ASSIGNED TASK: Could you give the data that follows again exactly, without its pictures?

GIVEN DATA:
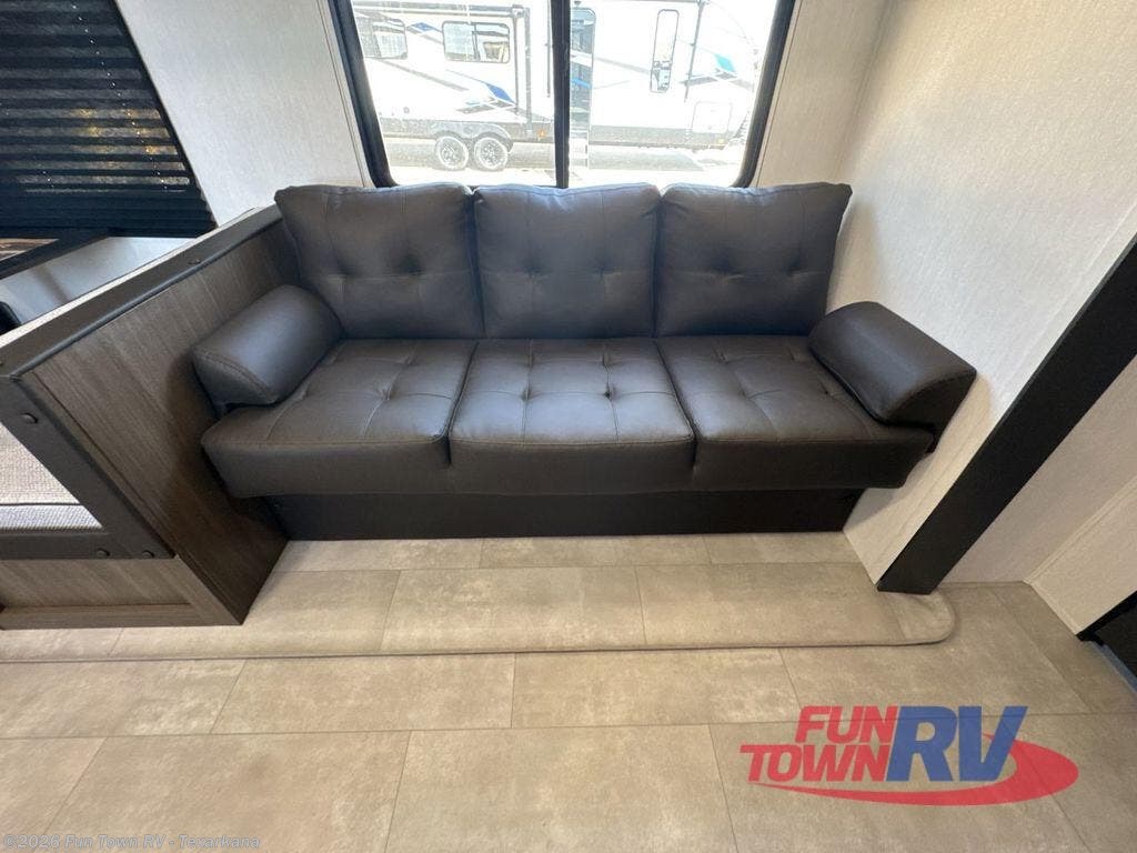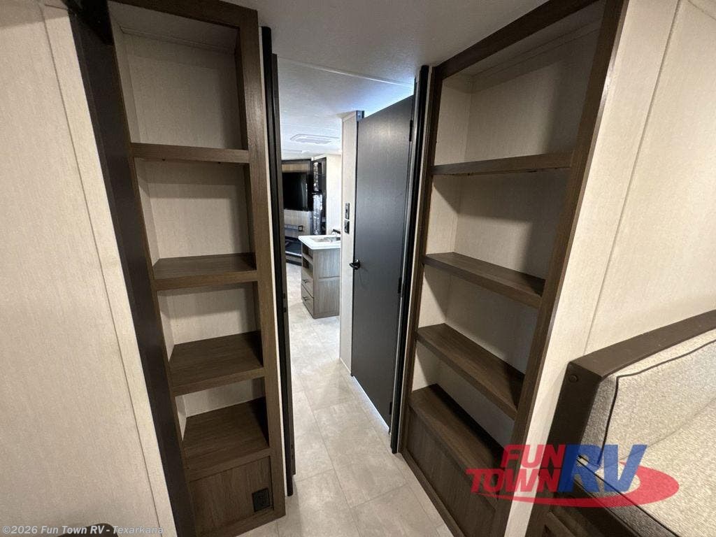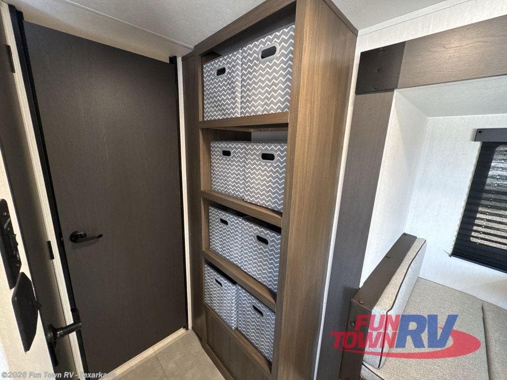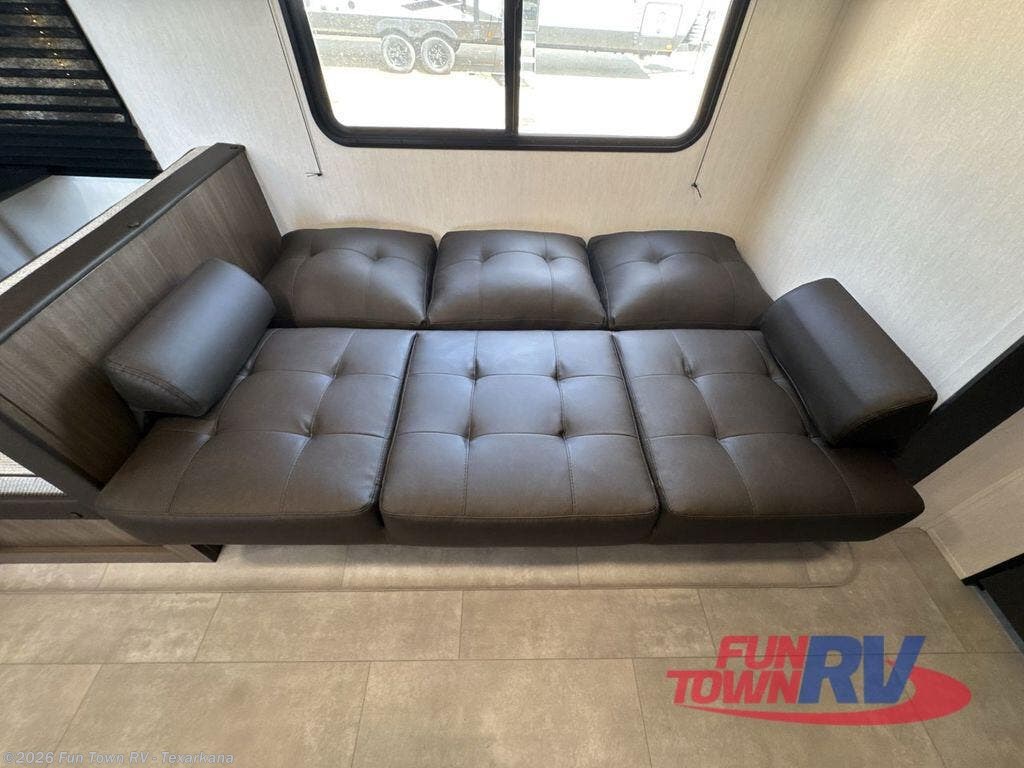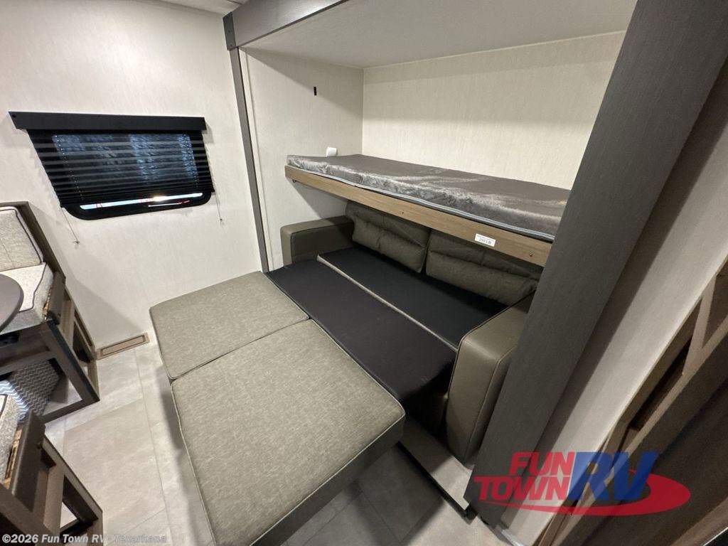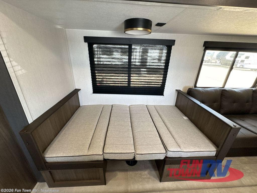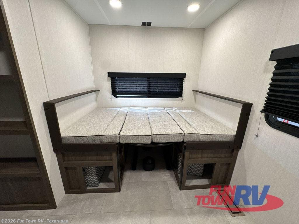 This travel trailer is the best option for a big family! The trailer boasts a spacious bunk bed above a sofa bed, providing ample sleeping space for kids and adults alike. The luxurious front king bed is a serene retreat, featuring expansive wardrobes and overhead cabinets for storing your essentials. The charming booth dinette is a cozy spot for meals or extra sleeping space, as well as the versatile jackknife sofa, which also provides additional sleeping space or a comfortable spot to relax. The sleek entertainment center is perfect for family movie nights. The well-appointed kitchen is equipped with a large fridge, convenient shelves, and a spacious pantry, making meal prep and storage an easy chore. The modern full bathroom features a well-stocked linen closet and provides a convenient space for freshening up. Plus, with two convenient entry/exit doors, this trailer offers added flexibility and ease of use, and the ample overhead cabinets provide additional storage space for your belongings.
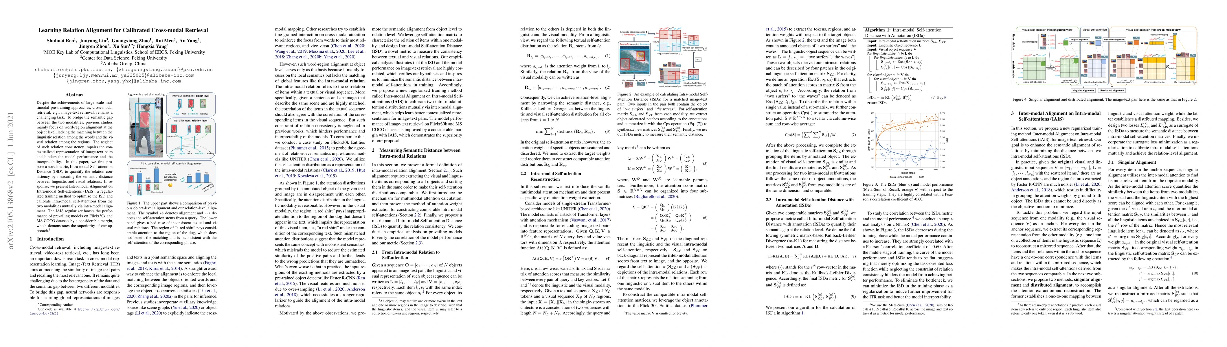 This paper proposes a novel metric, Intra-modal Self-attention Distance (ISD), to measure relation consistency in cross-modal retrieval. It introduces Inter-modal Alignment on Intra-modal Self-attentions (IAIS) to optimize ISD and calibrate self-attentions, significantly improving performance on image-text retrieval tasks.
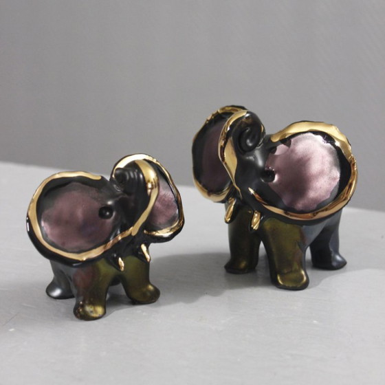 Excepcional par de figuritas de elefantes de Romolo Verzolini para Studio Errevi, Italia, circa 1970.

ANSWER FOR THE TASK:
 This travel trailer is the best option for a big family! The trailer boasts a spacious bunk bed above a sofa bed, providing ample sleeping space for kids and adults alike. The luxurious front king bed is a serene retreat, featuring expansive wardrobes and overhead cabinets for storing your essentials. The charming booth dinette is a cozy spot for meals or extra sleeping space, as well as the versatile jackknife sofa, which also provides additional sleeping space or a comfortable spot to relax. The sleek entertainment center is perfect for family movie nights. The well-appointed kitchen is equipped with a large fridge, convenient shelves, and a spacious pantry, making meal prep and storage an easy chore. The modern full bathroom features a well-stocked linen closet and provides a convenient space for freshening up. Plus, with two convenient entry/exit doors, this trailer offers added flexibility and ease of use, and the ample overhead cabinets provide additional storage space for your belongings.
 This paper proposes a novel metric, Intra-modal Self-attention Distance (ISD), to measure relation consistency in cross-modal retrieval. It introduces Inter-modal Alignment on Intra-modal Self-attentions (IAIS) to optimize ISD and calibrate self-attentions, significantly improving performance on image-text retrieval tasks.
 Excepcional par de figuritas de elefantes de Romolo Verzolini para Studio Errevi, Italia, circa 1970.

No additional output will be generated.